Fact-check: No, flu shots do not make people contagious

As Canada enters flu season, many online posts warn individuals that getting vaccinated will cause them to be contagious for several weeks

By AFP
October 24, 2019
No, flu shots do not make people contagious. Photo: AFP Fact-check 

As Canada enters flu season, many online posts warn individuals that getting vaccinated will cause them to be contagious for several weeks. This is false; flu shots contain dead influenza viruses that are not infectious, according to the Canadian Public Health Agency (CPHA) and the US Centers for Disease Control and Prevention(CDC).

A screengrab of plain text explaining that flu shots turn people into “an active live walking virus” was shared at least one thousand times in the past week. One Facebook user added the caption: “Your the carrier. Wake up!” as a warning.

This myth is widespread enough that several health institutions explicitly debunk it on their websites, including the CPHA, the Harvard Medical School, the CDC, and the University of California, Los Angeles health center.

“I haven’t heard of this before, but it makes no scientific sense whatsoever,” according to Dr. Ian Gemmill, former chair of Immunize Canada, a coalition of non-government health organizations.

All influenza vaccines approved in Canada this season are inactivated. “Yes the virus was live at one time but it is inactivated, which means it’s dead. It does not replicate, it has no ability to infect anybody,” Gemmill told AFP.

Some vaccines, he added, have not only been inactivated but have also been split, and sometimes even purified down to the protein needed to create the vaccine.

Once administered, the vaccine and the virus it contains stimulate immune cells that will be ready should the vaccine receiver come in contact with live flu virus.

Gemmill compared a vaccinated body to an army that is prepared and knows what the enemy looks like, allowing it to fight the virus before it can take hold. An unvaccinated person’s immune system would not react so quickly and would have to fight the enemy faction, which is the illness.

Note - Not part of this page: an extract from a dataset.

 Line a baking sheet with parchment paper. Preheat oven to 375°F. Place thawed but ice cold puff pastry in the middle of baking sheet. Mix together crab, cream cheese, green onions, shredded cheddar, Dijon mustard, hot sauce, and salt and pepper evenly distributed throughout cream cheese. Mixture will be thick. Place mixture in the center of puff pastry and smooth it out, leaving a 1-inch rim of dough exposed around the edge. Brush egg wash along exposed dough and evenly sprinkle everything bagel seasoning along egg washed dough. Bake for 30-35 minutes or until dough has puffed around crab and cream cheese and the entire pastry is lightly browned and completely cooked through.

The list of flu shots authorized in Canada in 2019-2020 is publicly available on Health Canada’s website. Nine flu shots are authorized in Canada for the current influenza season.

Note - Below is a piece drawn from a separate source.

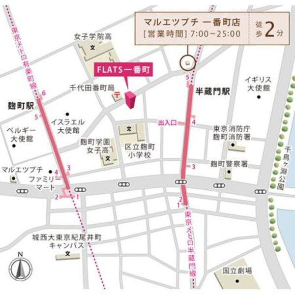 最寄駅は、半蔵門線『半蔵門駅』、中央線『四ツ谷駅』、有楽町線『麹町駅』です。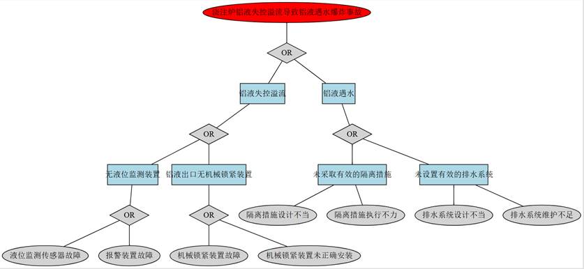 以“浇注炉铝液流量失控导致铝液遇水爆炸事故”为顶事件进行故障树分析 |

FluMist Quadrivalent is a flu vaccine that is only weakened (attenuated), rather than inactivated. Although it is licensed in Canada this year, it is not commercially available, Gemmill told AFP.

Although theoretically possible, chances are slim that a live attenuated virus would be transmitted from the patient to another individual because the dose used in a single shot is so small and the virus so weak, Gemmill said. He added that he has never seen a report of contamination caused by vaccination.

Vaccines in Canada must go through a rigorous multi-step evaluation before they can be commercialized or administered in the country, according to Health Canada.

Flu viruses are constantly changing, so, flu shots change annually; the variations in their composition are determined by the World Health Organization’s (WHO) recommendations for that year, although the composition may be maintained over multiple years. Flu vaccine composition for the entire northern hemisphere is decided by the WHO every January, and manufacturers propose new vaccines in the following months.

The flu vaccine is a regular source of misinformation. AFP Fact Check has also written about misleading posts about the ingredients in flu vaccines.